▶ [THE TASK] Return all of the data below verbatim and exclude every picture.

▶ [EXERCISE MATERIALS]

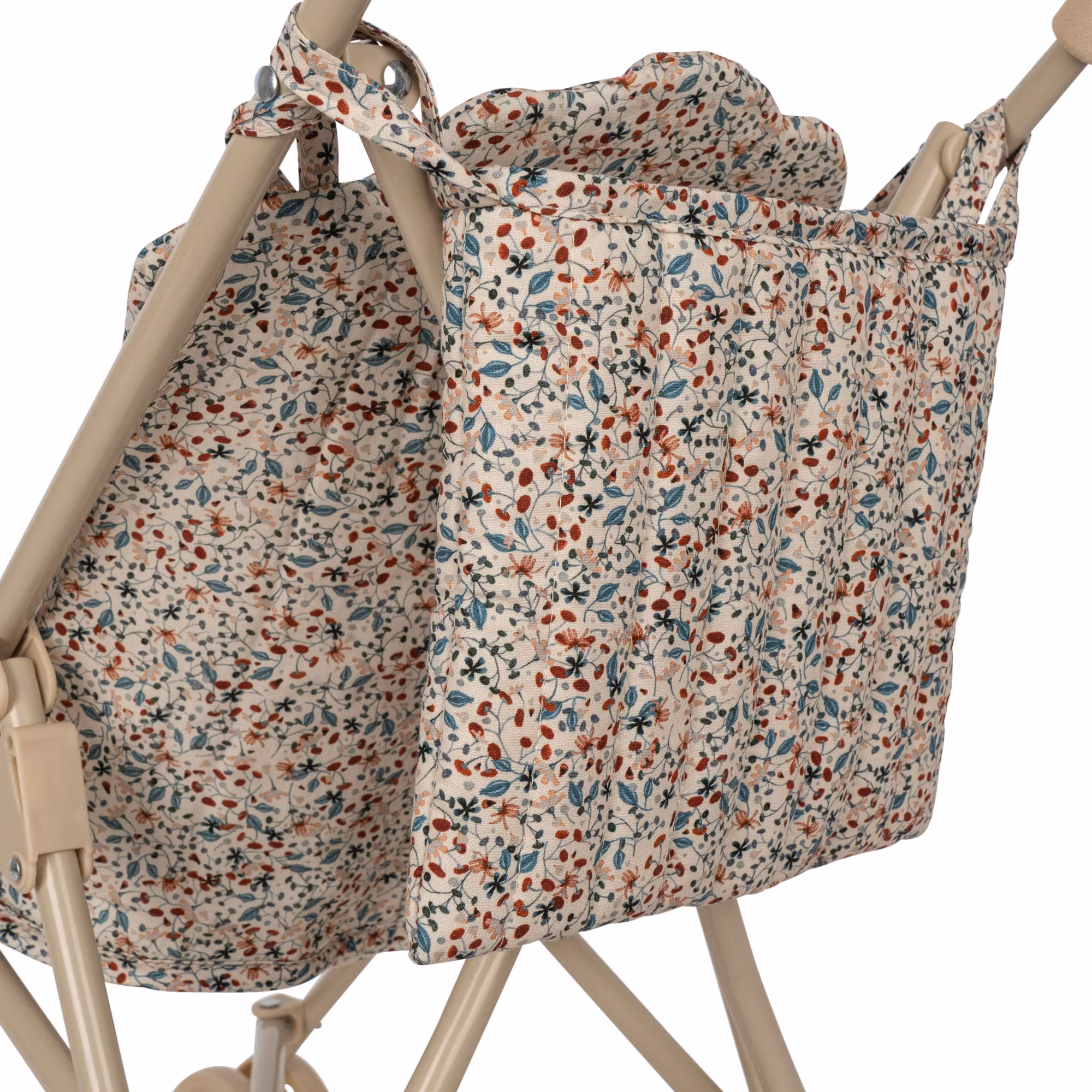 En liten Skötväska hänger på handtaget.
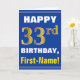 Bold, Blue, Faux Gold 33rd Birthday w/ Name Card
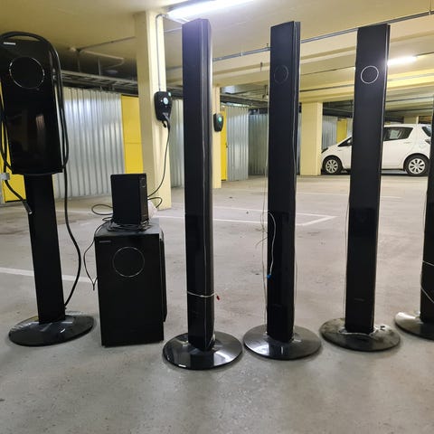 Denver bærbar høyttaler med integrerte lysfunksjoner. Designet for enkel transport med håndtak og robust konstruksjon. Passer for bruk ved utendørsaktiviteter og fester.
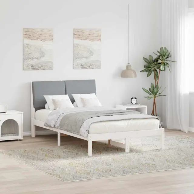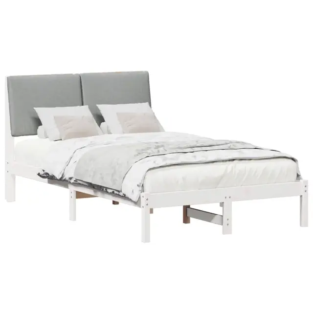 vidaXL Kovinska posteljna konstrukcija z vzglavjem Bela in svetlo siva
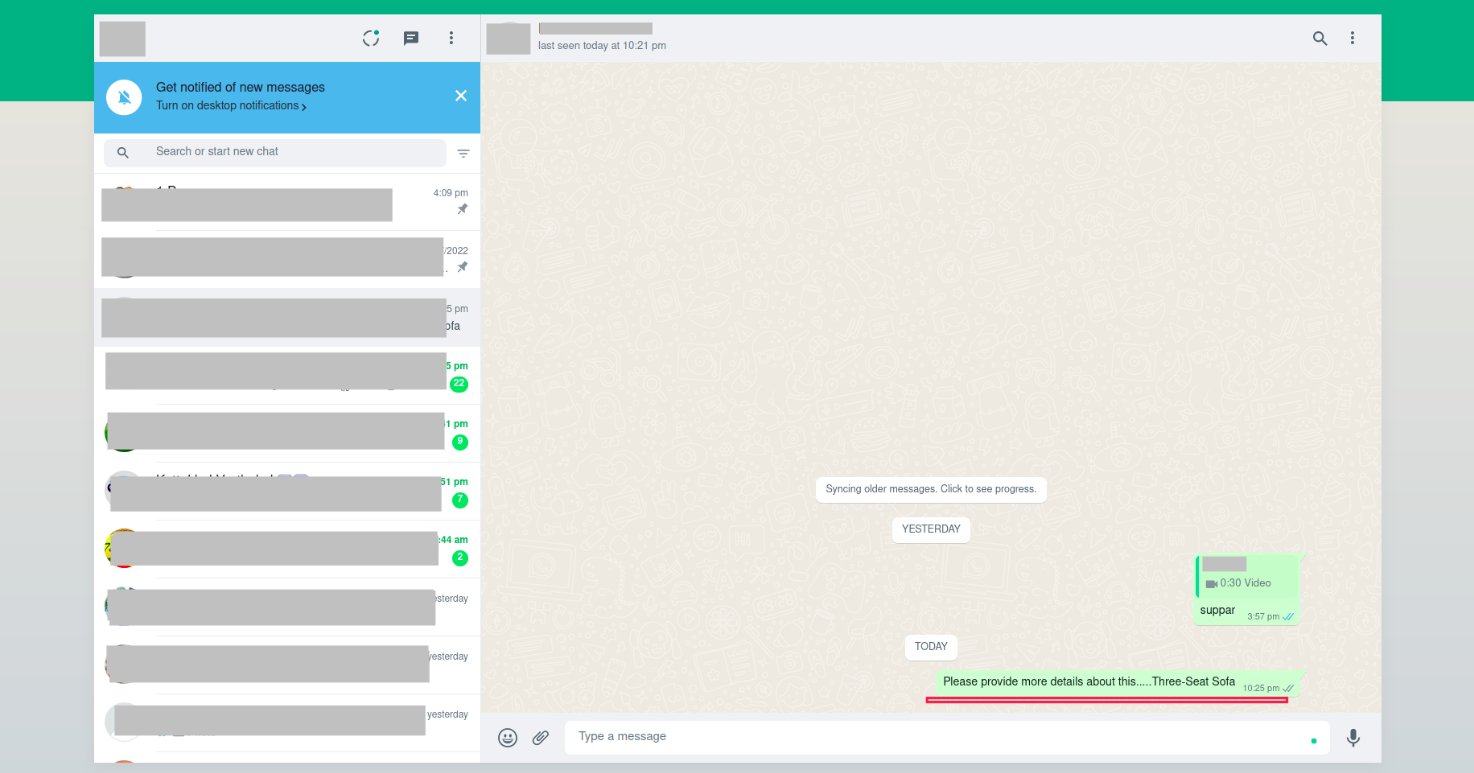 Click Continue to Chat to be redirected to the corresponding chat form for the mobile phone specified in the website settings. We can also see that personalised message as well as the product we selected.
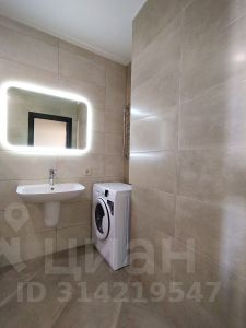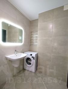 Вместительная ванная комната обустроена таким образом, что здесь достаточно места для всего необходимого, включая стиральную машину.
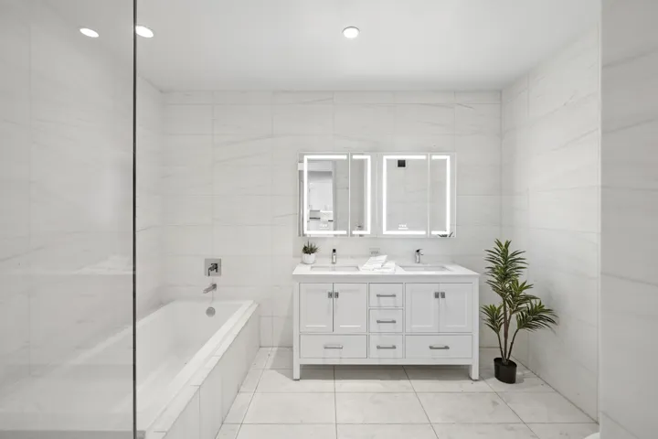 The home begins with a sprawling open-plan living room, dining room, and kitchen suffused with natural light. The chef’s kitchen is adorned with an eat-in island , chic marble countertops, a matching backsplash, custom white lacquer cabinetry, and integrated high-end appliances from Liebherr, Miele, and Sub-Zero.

▶ [RESPONSE TO THIS EXERCISE]
 En liten Skötväska hänger på handtaget.
 Bold, Blue, Faux Gold 33rd Birthday w/ Name Card
 Denver bærbar høyttaler med integrerte lysfunksjoner. Designet for enkel transport med håndtak og robust konstruksjon. Passer for bruk ved utendørsaktiviteter og fester.
 vidaXL Kovinska posteljna konstrukcija z vzglavjem Bela in svetlo siva
 Click Continue to Chat to be redirected to the corresponding chat form for the mobile phone specified in the website settings. We can also see that personalised message as well as the product we selected.
 Вместительная ванная комната обустроена таким образом, что здесь достаточно места для всего необходимого, включая стиральную машину.
 The home begins with a sprawling open-plan living room, dining room, and kitchen suffused with natural light. The chef’s kitchen is adorned with an eat-in island , chic marble countertops, a matching backsplash, custom white lacquer cabinetry, and integrated high-end appliances from Liebherr, Miele, and Sub-Zero.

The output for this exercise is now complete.